Formato: Online Artículo Texto
Lenguaje:English
Publicado: American Society for Biochemistry and Molecular Biology 2022
Materias:
Acceso en línea:https://www.ncbi.nlm.nih.gov/pmc/articles/PMC9307951/
https://www.ncbi.nlm.nih.gov/pubmed/35750209
http://dx.doi.org/10.1016/j.jbc.2022.102163
Descripción
Sumario:Tau aggregation into ordered assemblies causes neurodegenerative tauopathies. We previously reported that tau monomer exists in either inert (M(i)) or seed-competent (M(s)) conformational ensembles and that M(s) encodes strains, that is, unique, self-replicating, biologically active assemblies.

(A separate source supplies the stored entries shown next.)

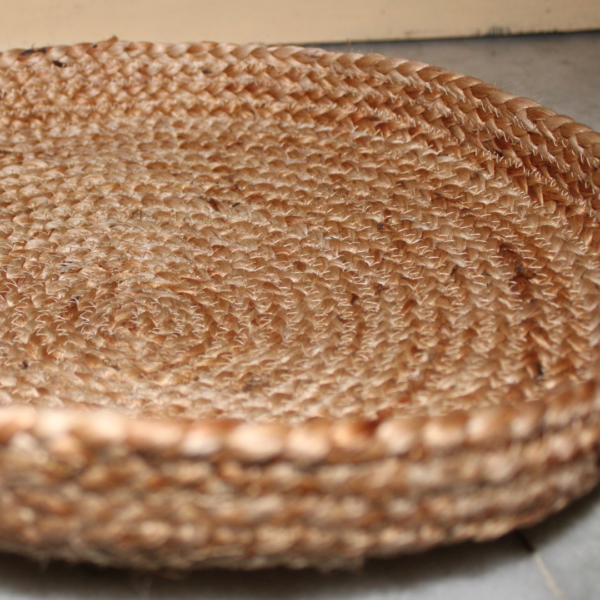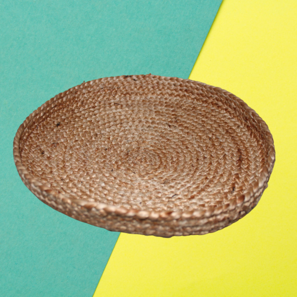 Jute oval basket with wood bottom made of plywood. The basket can also be used to store bread, pastries, spice jars.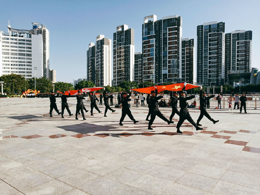 15時(shí)20分,黃金廣場艷陽高照,人聲鼎沸,大檢閱活動在莊嚴(yán)的《中華人民共和國國歌》聲中拉開帷幕。公司黨委副書記、總經(jīng)理劉南斗首先發(fā)表熱情洋溢致辭。劉總指出:開展崗位練兵成果展示,是我們深入貫徹黨的十九大精神,落實(shí)“質(zhì)量強(qiáng)國”發(fā)展戰(zhàn)略,堅(jiān)持“質(zhì)量第一”價(jià)值導(dǎo)向的重要行動,也是展現(xiàn)物業(yè)管理從業(yè)人員專業(yè)形象和精神風(fēng)貌,踐行2018年物業(yè)管理行業(yè)服務(wù)質(zhì)量提升年工作主題,更是增強(qiáng)優(yōu)質(zhì)物業(yè)服務(wù)供給能力、更好地滿足廣大業(yè)主對優(yōu)質(zhì)物業(yè)服務(wù)的需求,讓更多的人知道物業(yè),讓更多人了解物業(yè),讓更多的人支持物業(yè)的具體舉措。劉總表示,通過這次崗位練兵技能展示,我們要以練兵促提升,以展示促發(fā)展,創(chuàng)新行業(yè)人才培養(yǎng)、選拔、激勵機(jī)制,提高行業(yè)從業(yè)人員的專業(yè)能力和綜合素質(zhì),為物業(yè)行業(yè)轉(zhuǎn)型升級和高質(zhì)量發(fā)展提供技術(shù)支撐和人才保障,讓物業(yè)成為有奔頭的產(chǎn)業(yè),讓物業(yè)成為有吸引力的職業(yè),讓物業(yè)成為讓人尊重的行業(yè)。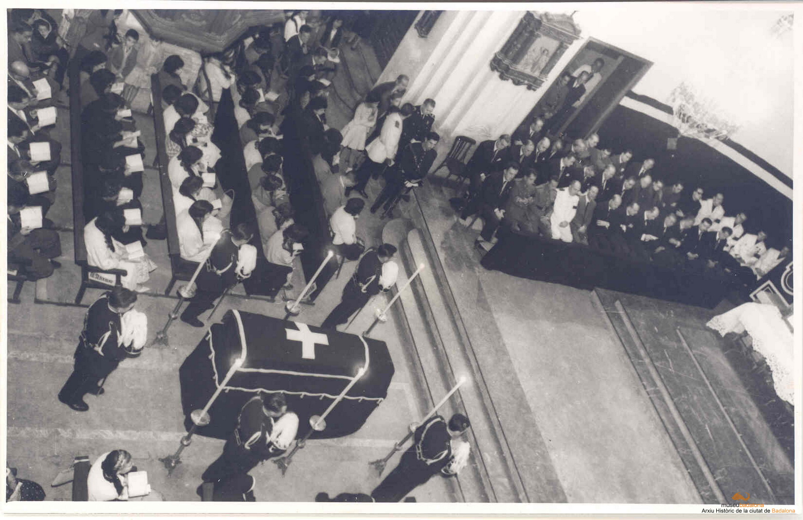 Celebració duna missa de rèquiem per la mort de Pius XII. Vista general de l'interior església de Santa Maria: celebració duna missa de rèquiem per la mort de Pius XII

It is unknown if disease begins with M(s) formation followed by fibril assembly or if M(s) derives from fibrils and is therefore an epiphenomenon. Here, we studied a tauopathy mouse model (PS19) that expresses full-length mutant human (1N4R) tau (P301S). Insoluble tau seeding activity appeared at 2 months of age and insoluble tau protein assemblies by immunoblot at 3 months. Tau monomer from mice aged 1 to 6 weeks, purified using size-exclusion chromatography, contained soluble seeding activity at 4 weeks, before insoluble material or larger assemblies were observed, with assemblies ranging from n = 1 to 3 tau units. By 5 to 6 weeks, large soluble assemblies had formed. This indicated that the first detectable pathological forms of tau were in fact M(s). We next examined posttranslational modifications of tau monomer from 1 to 6 weeks. We detected no phosphorylation unique to M(s) in PS19 or human Alzheimer’s disease brains. We conclude that tauopathy begins with formation of the M(s) monomer, whose activity is phosphorylation independent. M(s) then self assembles to form oligomers before it forms insoluble fibrils. The conversion of tau monomer from M(i) to M(s) thus constitutes the first detectable step in the initiation of tauopathy in this mouse model, with obvious implications for the origins of tauopathy in humans.